VICTOIRE INGABIRE UMUHOZA, UNE OPPOSANTE GÊNANTE POUR LE REGIME RWANDAIS
Par LAURENT D'ERSU
La Croix du 5 février 2010
Arrivée au Rwanda en janvier pour être candidate à la présidentielle, Victoire Ingabire fait l’objet d’intimidations
Elle est un caillou dans la chaussure du président Paul Kagame. Victoire Ingabire, présidente d’une coalition d’opposition rwandaise, a été agressée mercredi alors qu’elle venait effectuer une démarche administrative à Kinyinya, au nord de Kigali. La responsable politique n’a pas été blessée, mais elle affirme s’être fait arracher son sac à main, contenant son passeport et la carte d’identité qui lui avait été délivrée la veille. En revanche, un de ses accompagnateurs a été roué de coups, lui « causant des contusions graves aux côtes et aux jambes », selon les Forces démocratiques unifiées (FDU).
La coalition d’opposition a dénoncé « un acte imputable à l’État car organisé dans l’enceinte même des bâtiments de l’administration grâce à un guet-apens sciemment tendu par un officiel ». Le quotidien officiel rwandais, The New Times, a présenté l’incident comme une réaction spontanée de citoyens, contrariés que Victoire Ingabire les double dans la queue.
Un « harcèlement diffamatoire et incendiaire »
Le 22 janvier, celle qui souhaite être candidate à la présidentielle du 9 août avait dénoncé le « harcèlement diffamatoire et incendiaire » entretenu par la presse à son égard. Il faut dire que, dès son retour au Rwanda après seize ans d’exil, elle a brisé un tabou. Visitant le mémorial du génocide de Kigali, Victoire Ingabire a estimé qu’il honorait uniquement « les victimes tutsies du génocide » de 1994. « Il y a aussi des Hutus qui furent victimes de crimes contre l’humanité et de crimes de guerre, qui ne sont pas évoqués ni honorés ici », a-t-elle déclaré.

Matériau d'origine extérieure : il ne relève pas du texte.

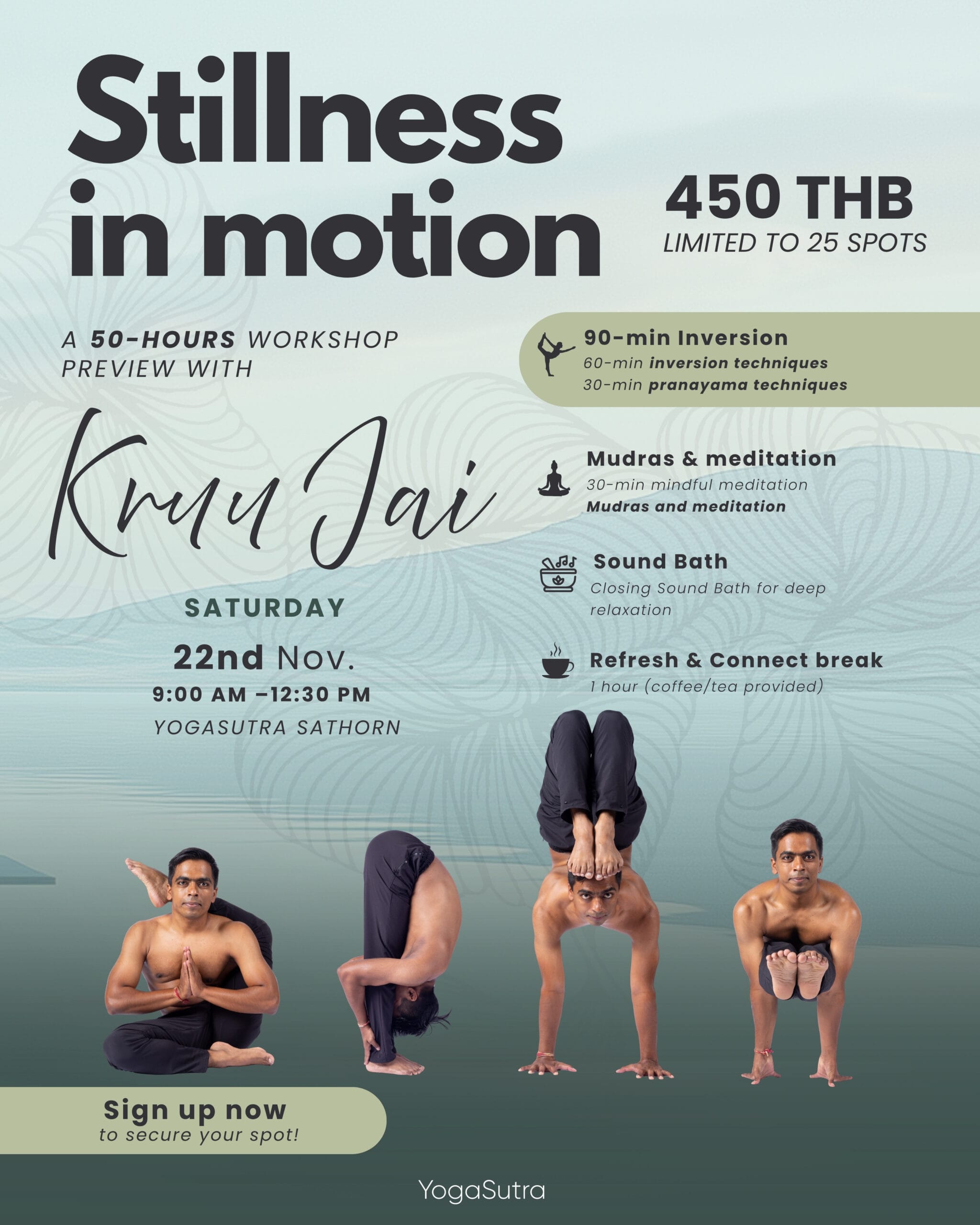 Join Kru Jai for Stillness in Motion, a half-day immersion class that previews his upcoming 50-hour Asana Workshop (January 2026). This isn’t just another flow, it’s where breath, focus, and inversion meet mindful awareness.

Aujourd’hui, les crimes commis à l’encontre de Hutus par le Front patriotique rwandais (FPR) après sa prise du pouvoir, au Rwanda et au Zaïre voisin (aujourd’hui RDCongo), restent un sujet brûlant.
D’où la réaction menaçante du gouvernement, par la voix du ministre de la sécurité intérieure : « Il n’y a personne qui soit au-dessus des lois et nous ne tolérons pas l’impunité, a déclaré Cheikh Moussa Fazil Harerimana. Si (Victoire Ingabire) croit que le fait d’espérer devenir candidate à la présidentielle lui donne le droit d’enfreindre la loi, alors elle s’est trompée d’endroit. »
Outre l’incident de mercredi, la candidate est soumise à des pressions : le 28 janvier, le gouvernement a fait savoir que sa mère avait été condamnée par contumace à trente ans de prison pour avoir participé au génocide, sans préciser la date ni le lieu de cette condamnation. À sept mois de la présidentielle, à laquelle la candidature du président Kagame fait peu de doute, Victoire Ingabire n’est pas au bout des embûches que le pouvoir lui réserve.